L3, third lumbar vertebra; SMI, cross-sectional areas of skeletal muscle (cm2)/patient's height (m2); PSI, psoas muscle area at level of middle of third lumbar vertebra (cm2)/height(m2); TPMT/height, transversal psoas muscle thickness (mm)/height (m); VF A, visceral fat area (m2); TATI, total adipose tissue index (m2); ΔTPMT/height, change in TPMT(mm)/height (m); ΔL3-SMI, change in third lumbar vertebra skeletal muscle index; ΔSFMI, change in subcutaneous fat mass index; ΔVFMI, change in visceral fat mass index; OS, overall survival; TTP, time to progression; TTF, time to treatment failure; PFS, progression-free survival; PPS, post-progression survival; ND, not done; HGS, handgrip strength; HAIC, hepatic arterial infusion chemotherapy; M, male; F, female.

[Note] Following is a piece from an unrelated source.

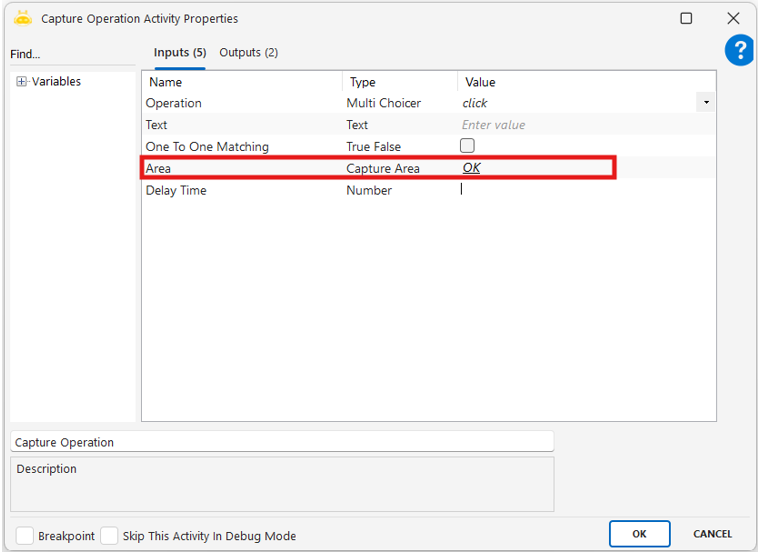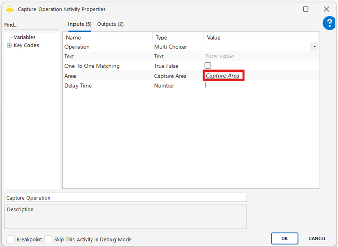 - Area : Görselin yakalanacağı ve işlem uygulanacak ekran bölgesini temsil eder. “Capture Area” başlığı altında tanımlanır.

Impact of Skeletal MM on Survival among Patients Treated with Different Systemic Therapies and Hepatic Arterial Infusion Chemotherapy

Sorafenib

Sorafenib was approved as a first-line systemic therapy for advanced HCC in 2007 [20]. Most previous studies have only evaluated skeletal MM without assessing HGS in patients with HCC treated with sorafenib [10, 11, 21, 22, 23, 24, 25, 26, 27, 28, 29, 30, 31, 32]. As shown in Table 1, skeletal muscle depletion (low MM) is a poor prognostic factor for OS in most studies [10, 22, 23, 24, 26, 28, 31, 32], while there was no significant difference in others [11, 27, 29]. The subgroup analyses showed that the OS of patients who had two or more negative prognostic factors (albumin ≤3.5 g/dL, alpha-fetoprotein ≥100 ng/mL, lesions in bilateral hepatic lobes, or major portal vein invasions) with low MM was significantly shorter than in those with high MM [27], and the combined presence of low MM and low total adipose tissue index was significantly associated with worse OS [29]. Although a few reports have evaluated progression-free survival or time to progression regarding the impact of skeletal MM [23, 24, 29, 31], there have been few studies regarding the relationship between skeletal MM and post-progression survival (PPS). A recent report indicated that PPS was significantly correlated with pre-sarcopenia (transverse psoas muscle thickness per height <16.8 mm/m) at the time of disease progression in patients with HCC treated with sorafenib [30]. On the other hand, in a multicenter study, we demonstrated that a high skeletal MM before sorafenib treatment is a significant predictor of PPS in patients with HCC [31].

Lenvatinib

Lenvatinib had been recommended as a first-line systemic therapy for advanced HCC until the introduction of atezolizumab plus bevacizumab [33, 34, 35, 36] and has been used since March 2018 in Japan, earlier than in the rest of the world. The first report on the relationship between skeletal MM and clinical outcome was described in 2020, when Uojima et al. [37] demonstrated that low MM was significantly associated with worse time to treatment failure and worse OS. Thereafter, two reports were published at the same time in which skeletal muscle depletion was not found associated with OS, unlike in a previous report [17, 18]. In contrast, Hiraoka et al. [38] recently reported that low MM was a significant prognostic factor. However, the results leave room for further investigation because of the small population size and short follow-up periods.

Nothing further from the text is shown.